Members of Reddit’s gaming community are engaged in an intense debate about how to end karma whoring — the controversial practice of mimicking popular posts on the site, especially images, to gain easy Reddit karma, the site’s internal scoring mechanism.
The top 22 posts in the forum over the past week were either image or video posts.
“Who wants to reduce the flagrant karma-whoring and make /r/gaming a better place?” asked AttackingHobo in the title of the post. Reddit, by design, uses a voting system to determine top posts, so doesn’t this just mean images are more popular?
Not necessarily.
The problem, forum users and mods agreed, is that images take no time to appreciate — see a mildly amusing image, press upvote, and move on. Browser plugins like Reddit Enhancement Suite will even allow you to view all the images on a single page at one time, making the scanning and relatively mindless voting easier.
An article with substance, on the other hand, requires at least a minute or two, and usually includes an excursion to an external site.
Karma whoring shows how inappropriate the title for Reddit’s scoring mechanism really is — there’s no metaphysical consequence for doing things that many users agree is detrimental to the site.
Instead, you get your points, and keep them, too.
But in the discussion that followed the post, which went up last night, little consensus was reached.
The idea AttackingHobo proposed came from redditor mizike, and that would be to force all image submissions to be links in a text post, rather than direct links to the images.

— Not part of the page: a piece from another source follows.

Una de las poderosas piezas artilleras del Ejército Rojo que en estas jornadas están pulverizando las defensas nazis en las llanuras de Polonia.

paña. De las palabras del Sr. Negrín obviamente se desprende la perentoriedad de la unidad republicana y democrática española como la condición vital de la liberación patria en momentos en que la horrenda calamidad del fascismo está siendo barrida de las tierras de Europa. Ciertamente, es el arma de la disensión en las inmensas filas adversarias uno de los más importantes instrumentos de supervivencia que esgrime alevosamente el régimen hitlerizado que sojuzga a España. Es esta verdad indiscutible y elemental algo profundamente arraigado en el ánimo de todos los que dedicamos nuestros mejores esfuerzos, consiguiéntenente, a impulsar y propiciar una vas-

This would create an extra step in viewing the images and hopefully decrease the instant “kind of like, upvote” response.

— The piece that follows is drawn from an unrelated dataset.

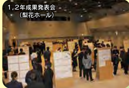
1,2年成果発表会 (梨花ホール)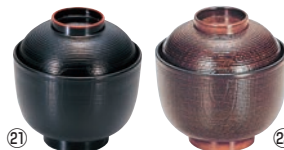
㉑ 千筋ケヤキ小吸椀 3寸

外寸:φ93×H98 容量:180ml 材質:耐熱ABS樹脂 耐熱温度:100℃

But another mod, Deimorz, worried that a policy like this would lead to far too much interference: a kind of slippery slope, where karma whoring posts simply move from images to video to Twitter links.
“Moderators shouldn’t be judging the quality of posts, just whether they’re appropriate or not,” Deimorz wrote.
The only solution with any broad appeal? Go to the subreddits.
“While I appreciate the difficulty a site like reddit has promoting more in depth content over shallow content,” wrote FatalXception, in an opinion that many shared, at least in part. “I come to /gaming for quick and varied entertainment. When I want more specific news, or not to see certain things, I go to a sub-reddit, or use reddit mods.”
Many pointed out that there are already subreddits for this: Gamernews and Truegaming. These may be smaller, but that’s kind of the point: Less readers means less karma whoring.
So for the time-being, nothing on the Gaming section will change. Like just about every major subreddit on the site, images and videos will continue to dominate the front page, while in-depth articles and discussions will continue to move to smaller and more specific subreddits.
By this morning AttackingHobo’s post was already buried deep off the front page.
But if it’s any consolation, the top three posts were links to articles.